Streep, who did get some recognition from the school in 1981 when she was awarded an honorary degree, was not available to appear in the film.
To secure funding, Rines reached out to each of the classes that had played reluctant host to the exchange program women. And this time, she wasn’t brushed aside. She raised more than $11,000.
Joan Rachlin, who was featured in the film, said it took a person like Rines to finally reveal an important chapter in Dartmouth’s history. “Without her vision, determination, energy, patience, humor, and deep roots in Hanover, the film would never have been made,” Rachlin, who lives in Massachusetts, wrote in an email.
Making the film has energized the women and allowed them to reclaim a little piece of their past, Rines said. And though the film probes an old wound, the mood is surprisingly good-humored.
“The film is really funny because women tell all these funny anecdotes,” Rines said. “It’s a fun, entertaining film. It’s not this serious historical narrative.”
Early Daughters of Dartmouth will screen in Filene Auditorium on Friday at 4 p.m., as part of Dartmouth College’s Homecoming events. Admission is free and no tickets are needed. The event is open to the public.
What’s scarier than Joker, weirder than The Addams Family and more dramatic than Downton Abbey?

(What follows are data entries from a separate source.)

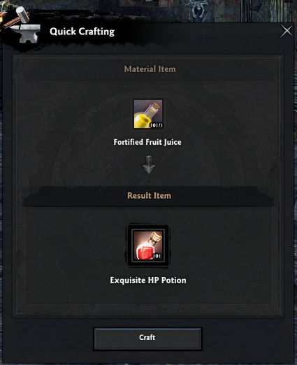 3) Click 'Craft' to craft a Fortified Fruit Juice into an Exquisite HP Potion. (The potion will bound to this character.)
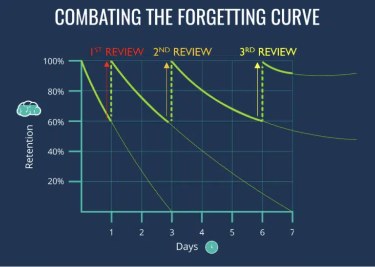 The best way to combat the forgetting curve is to interrupt the process by revisiting the material at specific time intervals just as you’re about to forget it – a technique called spaced repetition. The great thing about spaced repetition is that after every review session, the brain retains the new information a little bit better, and the rate of forgetting gets slower. This allows us to gradually increase the length of time between review sessions and commit what we learn to long term memory.
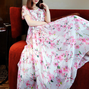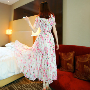 宽松显瘦沙滩长裙海边度假 白色雪纺连衣裙碎花胖mm大码 夏季 新款
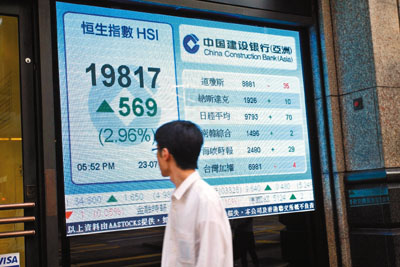 恒指23日高開184點,下午升幅更強,升至接近20000點水平,收報19817.6點,是去年10個月以來的高位,全日升569點,升幅近3%,成交744億。
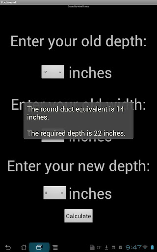 This app is designed for people who work in HVAC (heating and air conditioning). The app is intended to be an Android-based alternate to a Ductulator. DuctAround will calculate round-duct equivalent as well as provide the user with a width required to have the same round-duct equivalent.
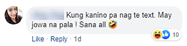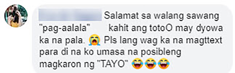 Salamat sa walang sawang ‘pag-aalala’ kahit ang totoo may jowa ka na pala. Please lang wag ka na magte-text para hindi na ako umasa na posibleng magkaroon ng ‘tayo’” a netizen wrote in comments.
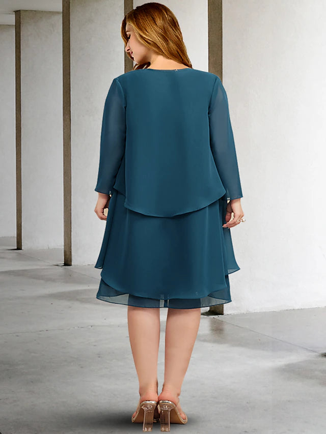 Two Piece A-Line Plus Size Curve Mother of the Bride Dresses Elegant Dress Formal Knee Length Sleeveless V Neck Chiffon with Ruffles
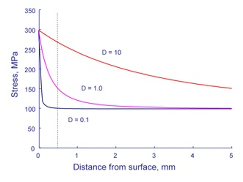 surface and stress at 1mm below the surface. The stress at 1mm below surface

If you answered “my home movies,” you need to get to Dartmouth’s Baker-Berry Library on Oct. 19 for Upper Valley Home Movie Day. The annual event, co-sponsored by several film and arts organizations, gives members of the community a chance to share their movies, particularly those shot in older formats that are now difficult to screen.
From 11 a.m. to 4 p.m. at Baker-Berry Library, home filmmakers can attend a media clinic, where they can view their movies on screen and learn about how best to care for films in different formats. Then, from 4 to 6 p.m., there will be a special archival screening of rare historic home movies preserved by the Dartmouth Library and local amateur film enthusiasts.